*Dataset excerpts*:
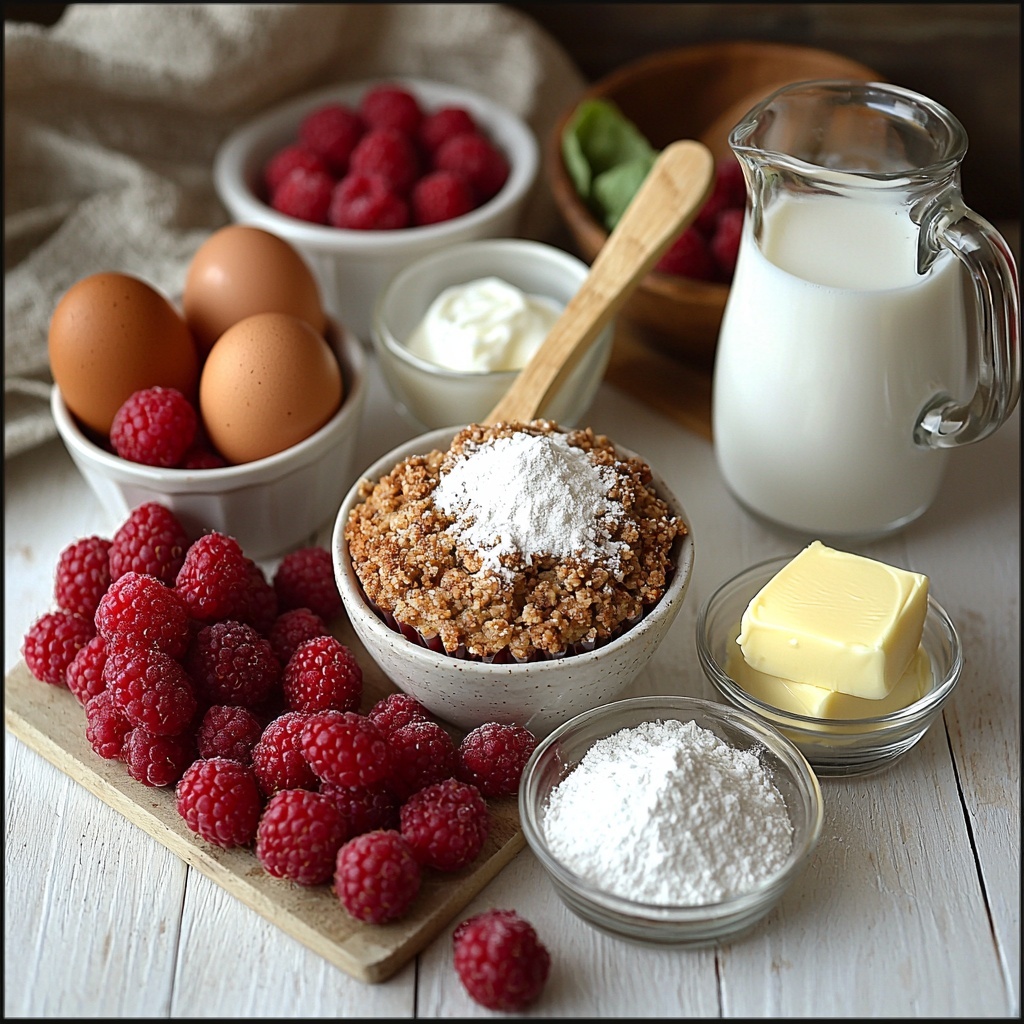 Getting started with this recipe is incredibly straightforward because each ingredient plays a crucial role — from the flours that give structure, to the fresh raspberries providing vibrant color and flavor, and the buttery streusel that adds that perfect crunch.
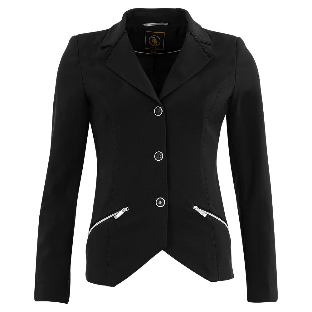 Chaqueta de competición BR Nottingham para mujer, • Regula la humedad y de secado rápido • Adornada con cinta brillante • Con bolsillos con cremallera INFORMACIÓN DEL PRODUCTO Descripción: La chaqueta de competición Nottingham para mujer tiene un aspecto clásico y Regula la humedad y se seca rápidamente para garantizar una agradable comodidad. La chaqueta tiene dos prácticos bolsillos con cremallera en la parte delantera y está rematada con una cinta brillante en el cuello y la espalda. La chaqueta tiene un cierre de botones (tres botones) en la parte delantera y una hilera de cinco botones pequeños en la parte inferior de las mangas. El mejor producto ecuestre de competición en tienda hípica El Estribo Alicante +34648425534
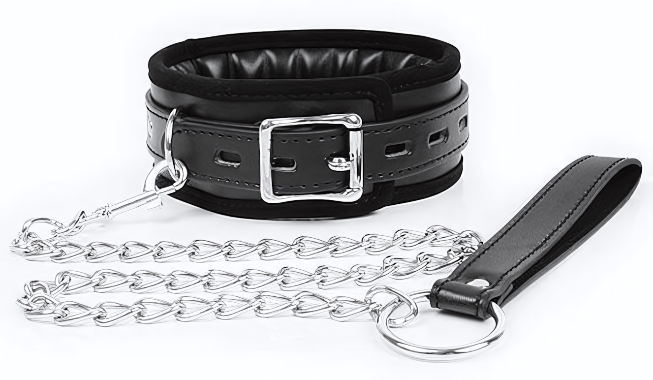 Этот ошейник подходит как для новичков, так и для опытных пользователей. Он оснащен металлической пряжкой с несколькими отверстиями, что позволяет легко регулировать размер под любую шею. В комплект входит металлическая цепочка-поводок с ручкой-петлёй, которую можно отстегнуть при необходимости. Это делает его универсальным аксессуаром для различных сценариев.
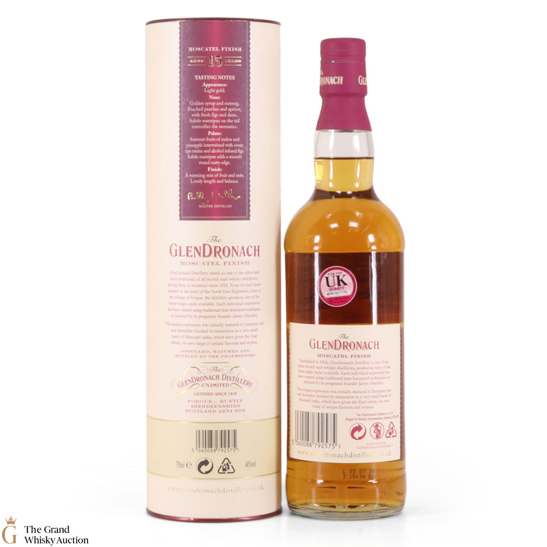 This 15 Year Old Glendronach was matured in European oak before a finishing period in the finest Moscatel casks, the (normally) Iberian fortified sweet wine.
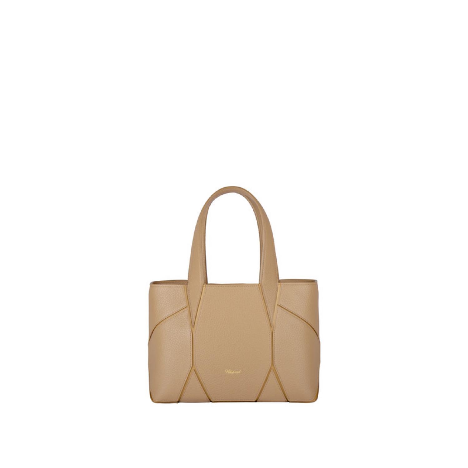 The Diamond Tote leather mini bag has elegant lines in camel grained calf leather with delicate stitching that evokes the facets of a diamond. Featuring a zip fastening and an inside pocket, it has plenty of room for your everyday essentials. This luxury women's bag can be hand-held or worn over the shoulder thanks to a wide, detachable and adjustable leather shoulder strap embossed with the iconic Chopard logo.
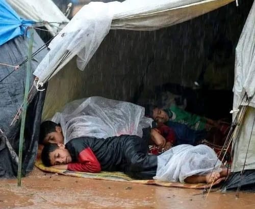 Almeno un milione le persone all’addiaccio, con tende o in ripari di fortuna sott’acqua, dove la pioggia si mescola alle acque di scarico, visto che il genocidio israeliano, oltre ad ammazzare più di 70 mila persone, ha scientificamente distrutto le condotte fognarie.
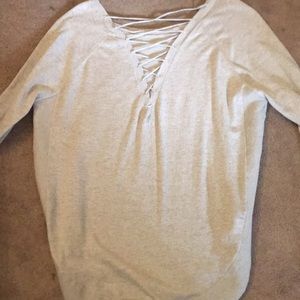 Beige sweater with a criss-cross detailing in the back. Cute with leggings or a pair of jeans. Only worn a few times.
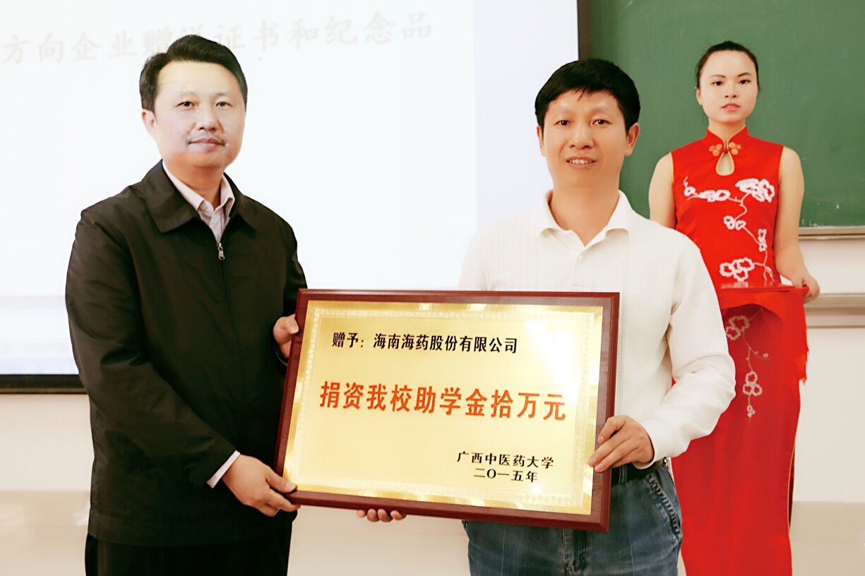2015年11月2日下午,海南海药股份有限公司助学金颁发仪式于仙葫校区1栋407顺利举行。海南海药股份有限公司陈国林副总经理、taptap点点体育庞宇舟副校长为2015年获得海南海药助学金的45名学生颁发了9万元的助学金。
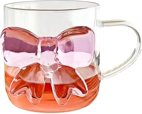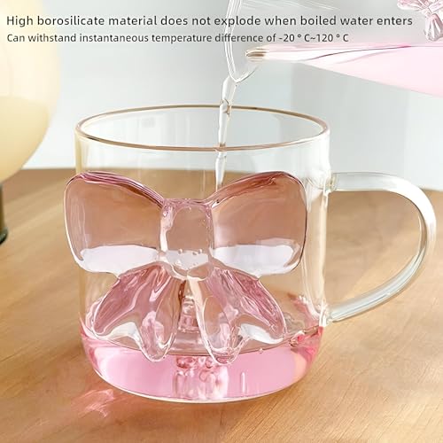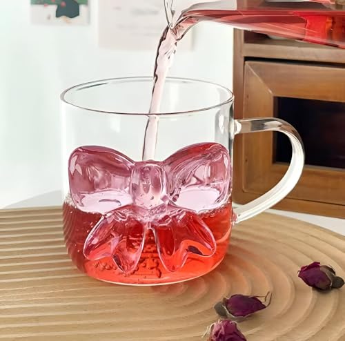 Generic - مج كريستال بفيونكة - كوب زجاج فاخر سعة 400 ملليلتر بلمسة فنية على شكل فيونكة لامعة بلون وردي، مصمّم ليجمع بين الأناقة والمتانة للاستخدام اليومي أو في المناسبات الخاصة
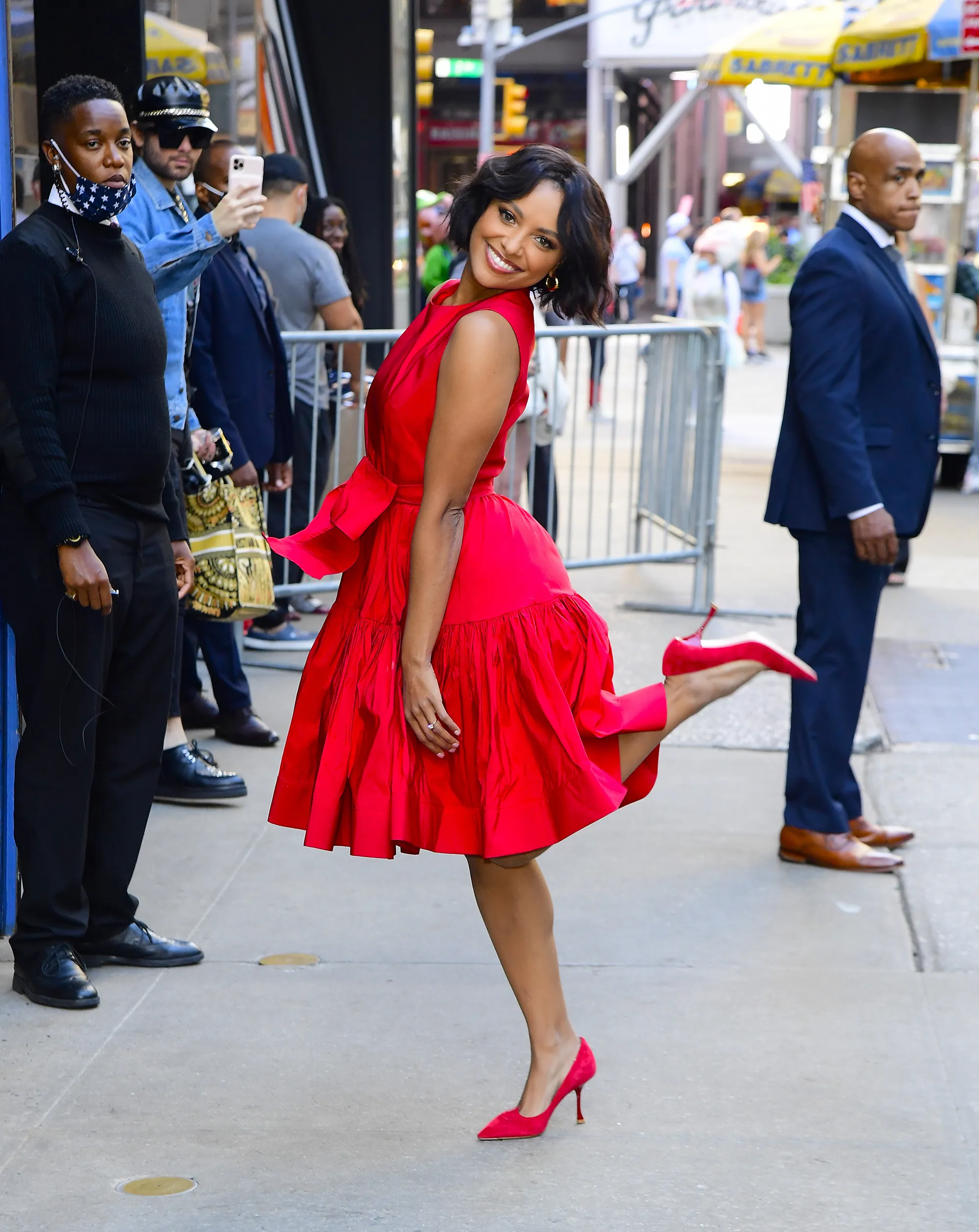 American actress Kat Graham is seen outside “Good Morning America” on September 1, 2022 in New York City. (Photo by Raymond Hall/GC Images)
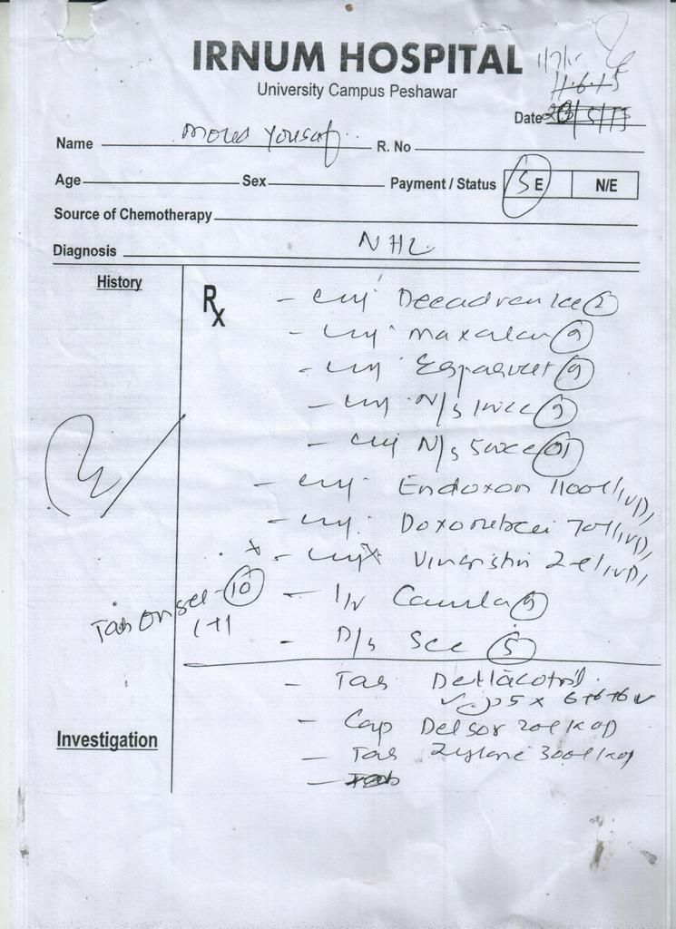 اس سے پہلے گورنمنٹ لیڈی ریڈنگ ہسپتال پشاور اور شوکت خانم ہسپتال لاہور سے مایوس ہو چکا ہوں، کیونکہ ان ہسپتال کے ڈاکٹروں نے مہنگے ترین ادویات تجویز کی تھی۔
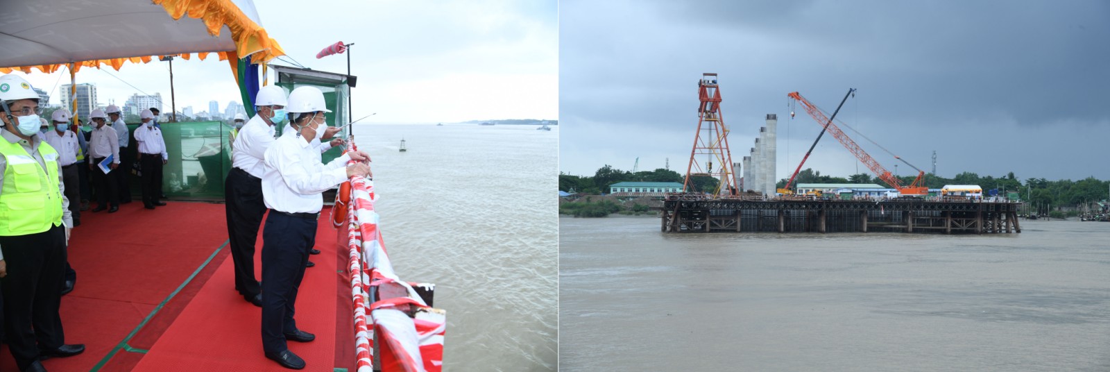 ယင်းနောက် နိုင်ငံတော်စီမံအုပ်ချုပ်ရေးကောင်စီဥက္ကဋ္ဌ နိုင်ငံတော်ဝန်ကြီးချုပ်နှင့် အဖွဲ့ဝင်များသည် တံတားတည်ဆောက်ရေးစီမံကိန်းရှိ ရန်ကုန်ဘက်ခြမ်း Main Bridge Pylon 2 နေရာတွင် လုပ်ငန်းဆောင်ရွက်နေမှု အခြေအနေများကို လိုက်လံ ကြည့်ရှု စစ်ဆေးရာ တာဝန်ရှိသူများက ရှင်းလင်းတင်ပြခဲ့သည်။

*The problem*:
As you output the material, omit the pictures but alter nothing else.

*Task response*:
 Getting started with this recipe is incredibly straightforward because each ingredient plays a crucial role — from the flours that give structure, to the fresh raspberries providing vibrant color and flavor, and the buttery streusel that adds that perfect crunch.
 Chaqueta de competición BR Nottingham para mujer, • Regula la humedad y de secado rápido • Adornada con cinta brillante • Con bolsillos con cremallera INFORMACIÓN DEL PRODUCTO Descripción: La chaqueta de competición Nottingham para mujer tiene un aspecto clásico y Regula la humedad y se seca rápidamente para garantizar una agradable comodidad. La chaqueta tiene dos prácticos bolsillos con cremallera en la parte delantera y está rematada con una cinta brillante en el cuello y la espalda. La chaqueta tiene un cierre de botones (tres botones) en la parte delantera y una hilera de cinco botones pequeños en la parte inferior de las mangas. El mejor producto ecuestre de competición en tienda hípica El Estribo Alicante +34648425534
 Этот ошейник подходит как для новичков, так и для опытных пользователей. Он оснащен металлической пряжкой с несколькими отверстиями, что позволяет легко регулировать размер под любую шею. В комплект входит металлическая цепочка-поводок с ручкой-петлёй, которую можно отстегнуть при необходимости. Это делает его универсальным аксессуаром для различных сценариев.
 This 15 Year Old Glendronach was matured in European oak before a finishing period in the finest Moscatel casks, the (normally) Iberian fortified sweet wine.
 The Diamond Tote leather mini bag has elegant lines in camel grained calf leather with delicate stitching that evokes the facets of a diamond. Featuring a zip fastening and an inside pocket, it has plenty of room for your everyday essentials. This luxury women's bag can be hand-held or worn over the shoulder thanks to a wide, detachable and adjustable leather shoulder strap embossed with the iconic Chopard logo.
 Almeno un milione le persone all’addiaccio, con tende o in ripari di fortuna sott’acqua, dove la pioggia si mescola alle acque di scarico, visto che il genocidio israeliano, oltre ad ammazzare più di 70 mila persone, ha scientificamente distrutto le condotte fognarie.
 Beige sweater with a criss-cross detailing in the back. Cute with leggings or a pair of jeans. Only worn a few times.
2015年11月2日下午,海南海药股份有限公司助学金颁发仪式于仙葫校区1栋407顺利举行。海南海药股份有限公司陈国林副总经理、taptap点点体育庞宇舟副校长为2015年获得海南海药助学金的45名学生颁发了9万元的助学金。
 Generic - مج كريستال بفيونكة - كوب زجاج فاخر سعة 400 ملليلتر بلمسة فنية على شكل فيونكة لامعة بلون وردي، مصمّم ليجمع بين الأناقة والمتانة للاستخدام اليومي أو في المناسبات الخاصة
 American actress Kat Graham is seen outside “Good Morning America” on September 1, 2022 in New York City. (Photo by Raymond Hall/GC Images)
 اس سے پہلے گورنمنٹ لیڈی ریڈنگ ہسپتال پشاور اور شوکت خانم ہسپتال لاہور سے مایوس ہو چکا ہوں، کیونکہ ان ہسپتال کے ڈاکٹروں نے مہنگے ترین ادویات تجویز کی تھی۔
 ယင်းနောက် နိုင်ငံတော်စီမံအုပ်ချုပ်ရေးကောင်စီဥက္ကဋ္ဌ နိုင်ငံတော်ဝန်ကြီးချုပ်နှင့် အဖွဲ့ဝင်များသည် တံတားတည်ဆောက်ရေးစီမံကိန်းရှိ ရန်ကုန်ဘက်ခြမ်း Main Bridge Pylon 2 နေရာတွင် လုပ်ငန်းဆောင်ရွက်နေမှု အခြေအနေများကို လိုက်လံ ကြည့်ရှု စစ်ဆေးရာ တာဝန်ရှိသူများက ရှင်းလင်းတင်ပြခဲ့သည်။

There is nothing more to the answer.